## Supplied data
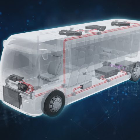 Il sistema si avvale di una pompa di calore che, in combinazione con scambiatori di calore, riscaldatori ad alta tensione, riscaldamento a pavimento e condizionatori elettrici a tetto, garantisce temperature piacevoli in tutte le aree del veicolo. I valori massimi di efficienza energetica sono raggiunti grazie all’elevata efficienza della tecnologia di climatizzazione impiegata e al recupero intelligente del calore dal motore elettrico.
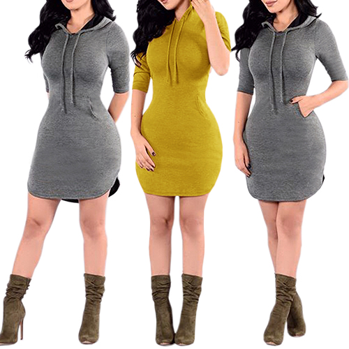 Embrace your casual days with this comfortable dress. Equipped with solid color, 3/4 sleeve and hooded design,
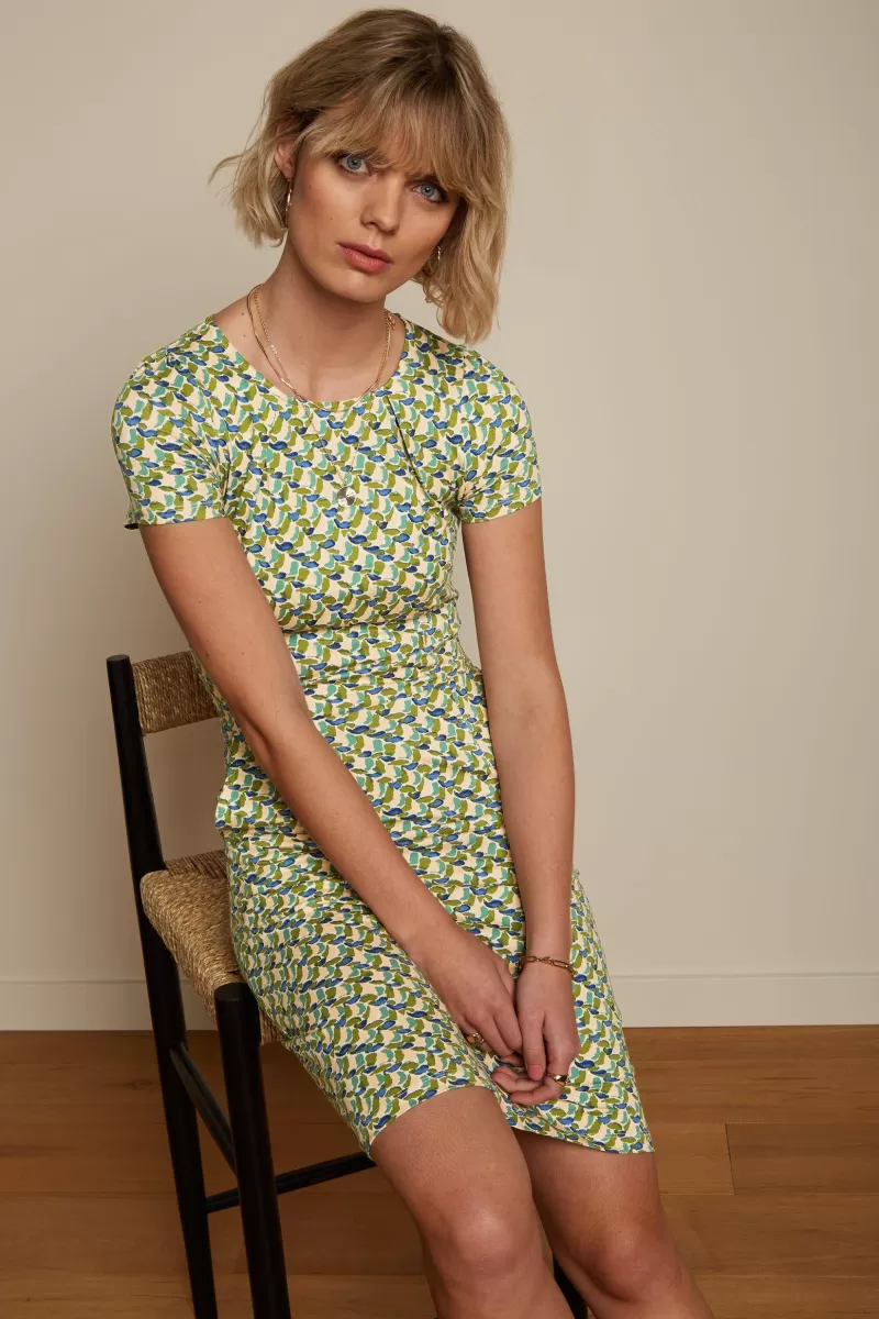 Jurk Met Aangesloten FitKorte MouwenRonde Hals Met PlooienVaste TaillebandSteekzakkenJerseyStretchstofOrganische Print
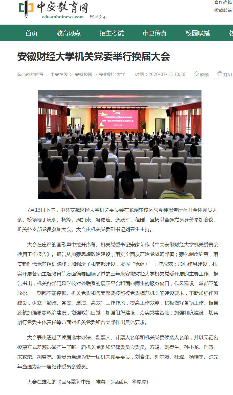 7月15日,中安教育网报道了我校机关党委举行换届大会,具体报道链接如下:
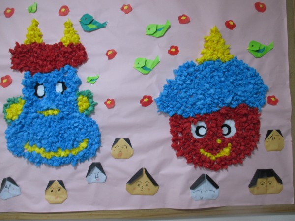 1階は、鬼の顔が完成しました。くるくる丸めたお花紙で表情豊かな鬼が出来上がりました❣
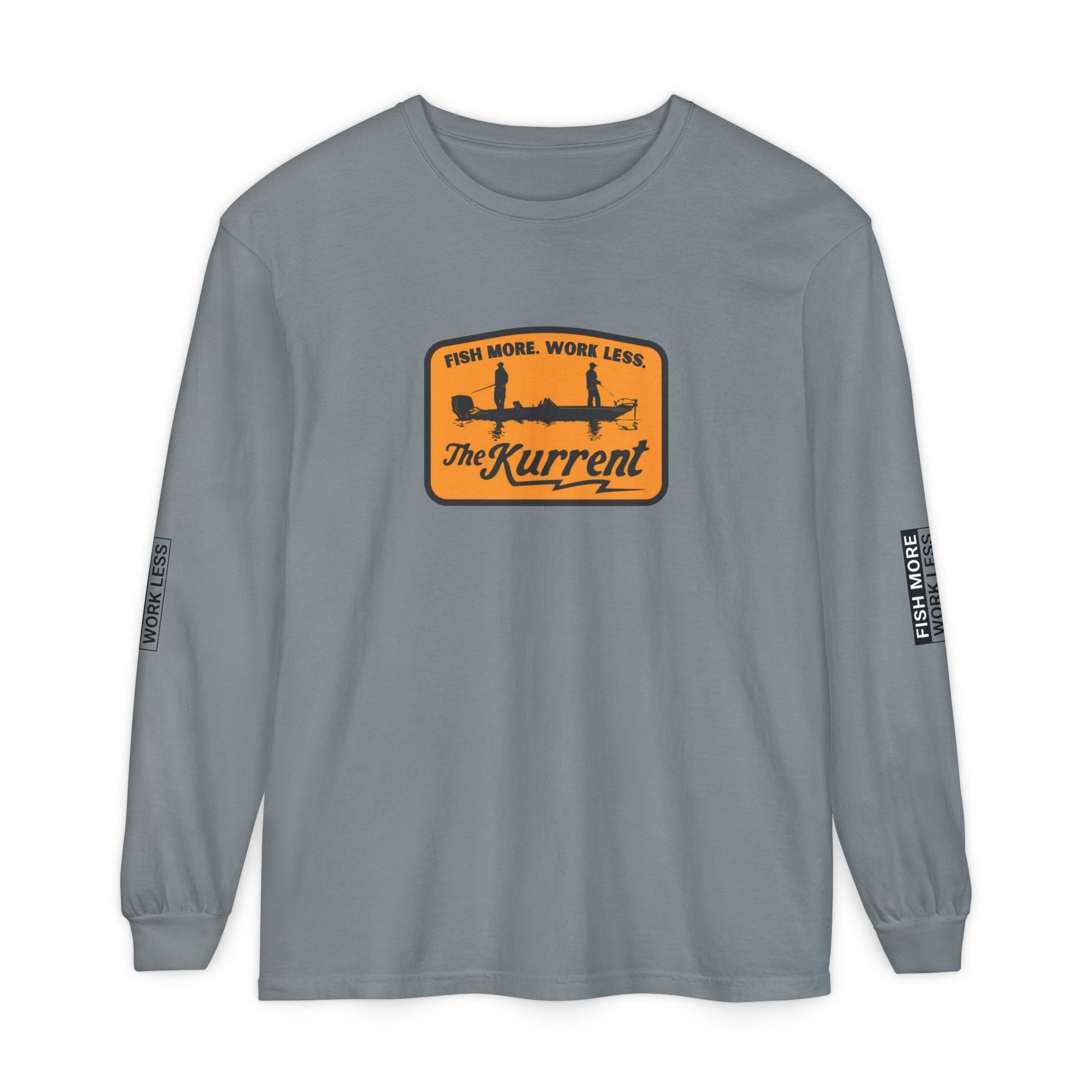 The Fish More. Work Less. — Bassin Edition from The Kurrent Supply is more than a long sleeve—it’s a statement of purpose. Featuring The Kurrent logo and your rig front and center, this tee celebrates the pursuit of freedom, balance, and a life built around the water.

## Your task
Give back the material exactly as written, from its first line to the line that contains "Embrace your casual", and leave out the pictures.

## Completed task
 Il sistema si avvale di una pompa di calore che, in combinazione con scambiatori di calore, riscaldatori ad alta tensione, riscaldamento a pavimento e condizionatori elettrici a tetto, garantisce temperature piacevoli in tutte le aree del veicolo. I valori massimi di efficienza energetica sono raggiunti grazie all’elevata efficienza della tecnologia di climatizzazione impiegata e al recupero intelligente del calore dal motore elettrico.
 Embrace your casual days with this comfortable dress. Equipped with solid color, 3/4 sleeve and hooded design,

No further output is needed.